Material provided START

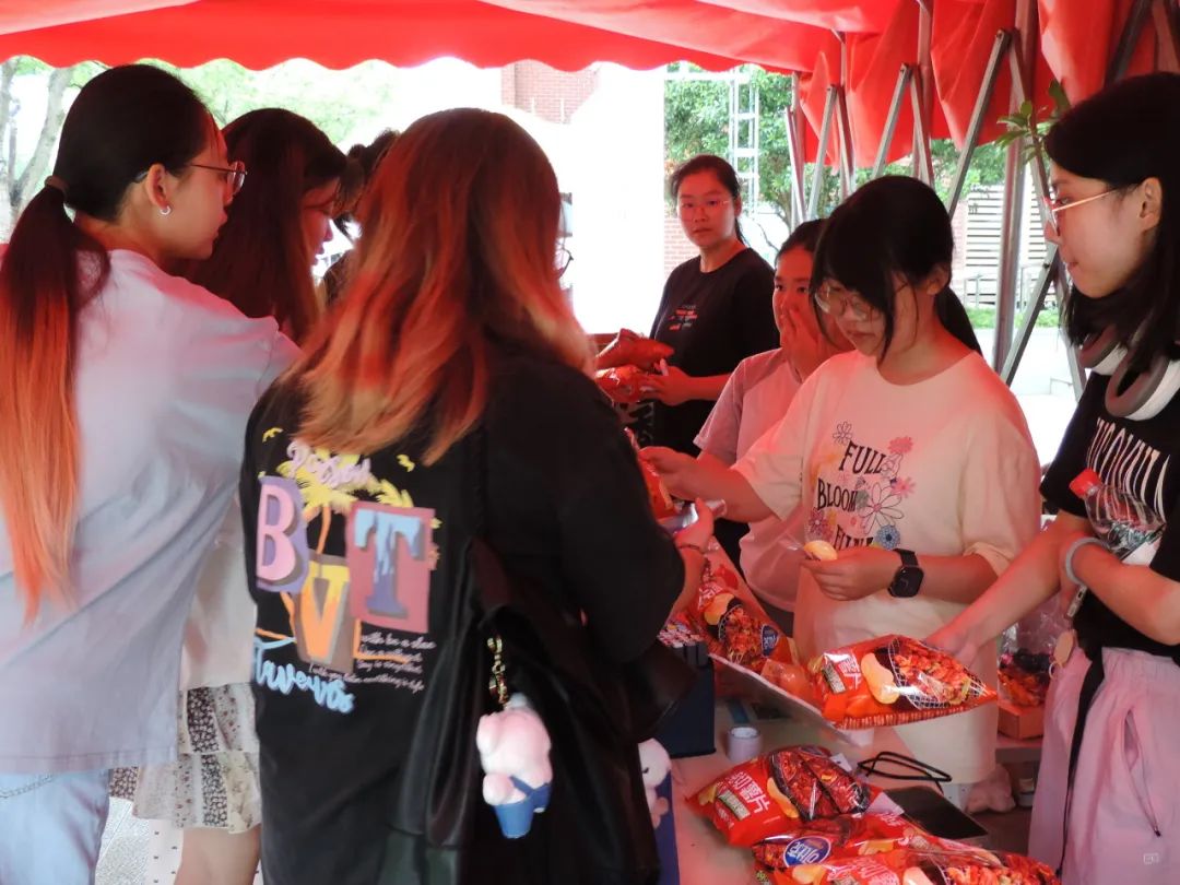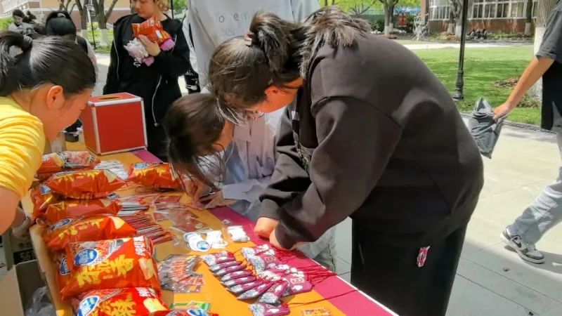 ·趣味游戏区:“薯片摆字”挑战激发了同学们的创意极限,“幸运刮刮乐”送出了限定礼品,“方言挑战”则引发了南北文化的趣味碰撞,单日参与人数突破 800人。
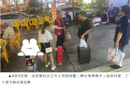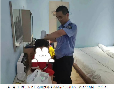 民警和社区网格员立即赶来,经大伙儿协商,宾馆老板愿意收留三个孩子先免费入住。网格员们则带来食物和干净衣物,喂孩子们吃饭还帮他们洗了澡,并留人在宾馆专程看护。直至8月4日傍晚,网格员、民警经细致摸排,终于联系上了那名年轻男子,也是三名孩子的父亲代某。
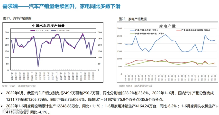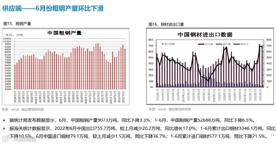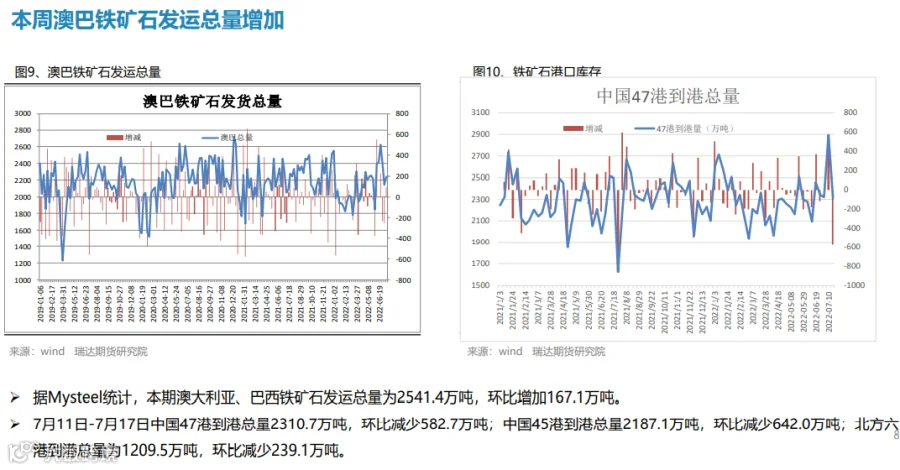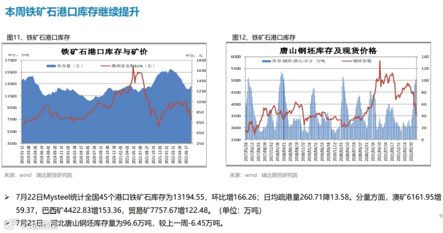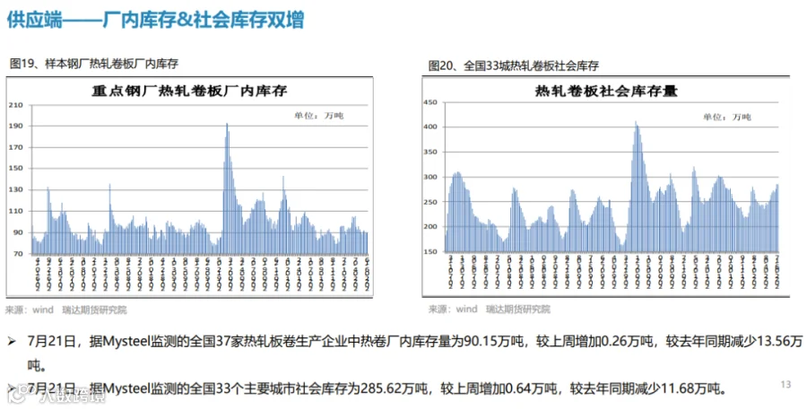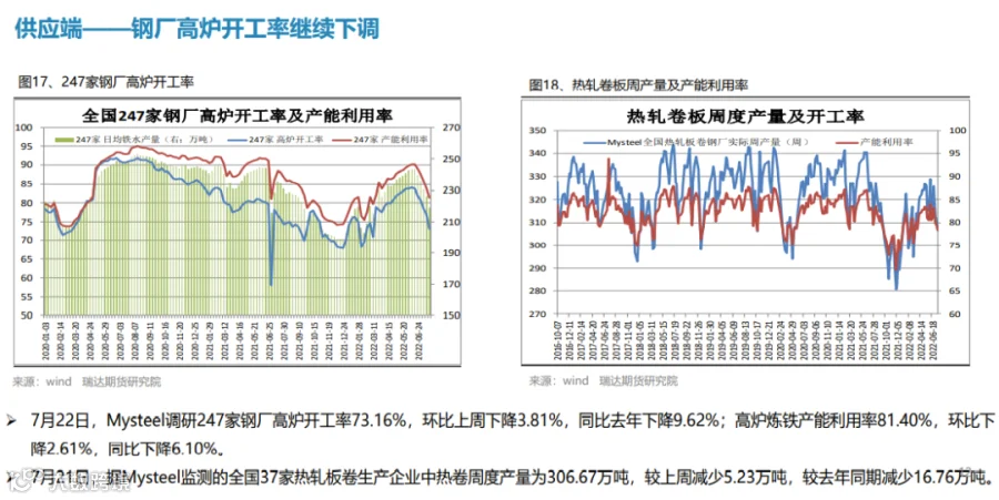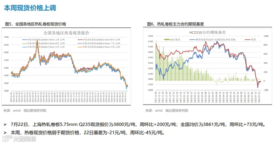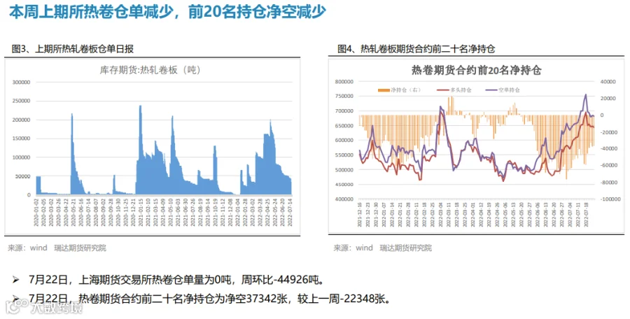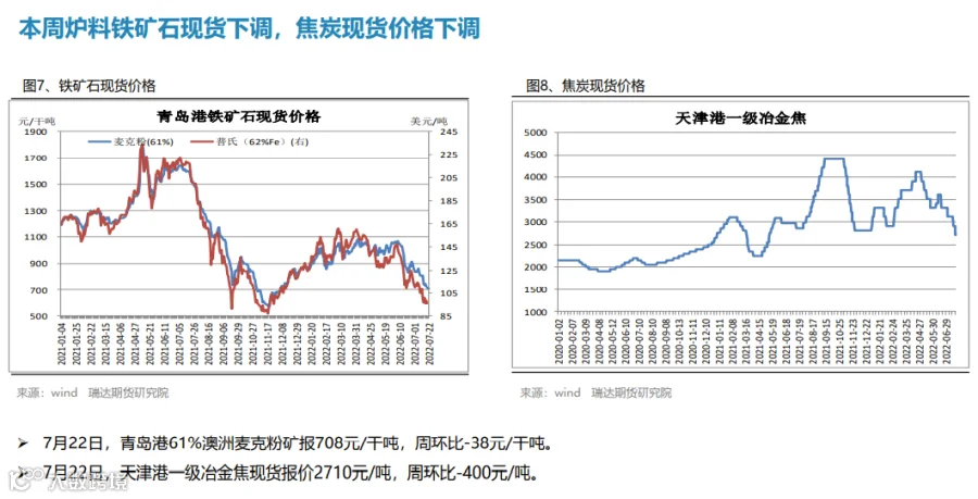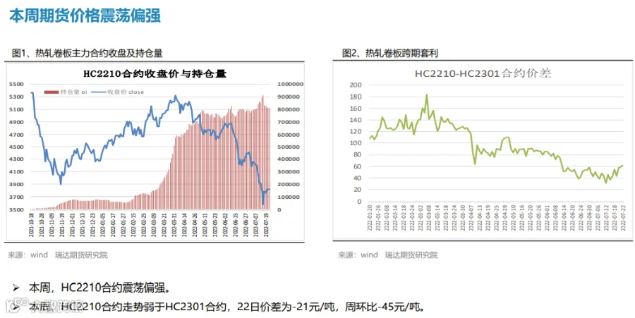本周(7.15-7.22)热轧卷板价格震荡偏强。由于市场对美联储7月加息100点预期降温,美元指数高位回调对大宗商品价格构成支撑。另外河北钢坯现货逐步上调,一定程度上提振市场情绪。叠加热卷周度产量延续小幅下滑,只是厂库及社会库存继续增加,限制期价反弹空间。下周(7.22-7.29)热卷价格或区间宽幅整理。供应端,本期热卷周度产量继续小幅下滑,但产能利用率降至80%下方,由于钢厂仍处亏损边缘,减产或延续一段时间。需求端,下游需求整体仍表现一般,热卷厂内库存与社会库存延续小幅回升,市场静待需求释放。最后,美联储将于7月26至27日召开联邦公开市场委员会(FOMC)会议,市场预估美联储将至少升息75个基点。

Material provided END

§ **Task**:
Restate the material word for word; no picture should appear in the copy.

§ **Written answer**:
 ·趣味游戏区:“薯片摆字”挑战激发了同学们的创意极限,“幸运刮刮乐”送出了限定礼品,“方言挑战”则引发了南北文化的趣味碰撞,单日参与人数突破 800人。
 民警和社区网格员立即赶来,经大伙儿协商,宾馆老板愿意收留三个孩子先免费入住。网格员们则带来食物和干净衣物,喂孩子们吃饭还帮他们洗了澡,并留人在宾馆专程看护。直至8月4日傍晚,网格员、民警经细致摸排,终于联系上了那名年轻男子,也是三名孩子的父亲代某。
本周(7.15-7.22)热轧卷板价格震荡偏强。由于市场对美联储7月加息100点预期降温,美元指数高位回调对大宗商品价格构成支撑。另外河北钢坯现货逐步上调,一定程度上提振市场情绪。叠加热卷周度产量延续小幅下滑,只是厂库及社会库存继续增加,限制期价反弹空间。下周(7.22-7.29)热卷价格或区间宽幅整理。供应端,本期热卷周度产量继续小幅下滑,但产能利用率降至80%下方,由于钢厂仍处亏损边缘,减产或延续一段时间。需求端,下游需求整体仍表现一般,热卷厂内库存与社会库存延续小幅回升,市场静待需求释放。最后,美联储将于7月26至27日召开联邦公开市场委员会(FOMC)会议,市场预估美联储将至少升息75个基点。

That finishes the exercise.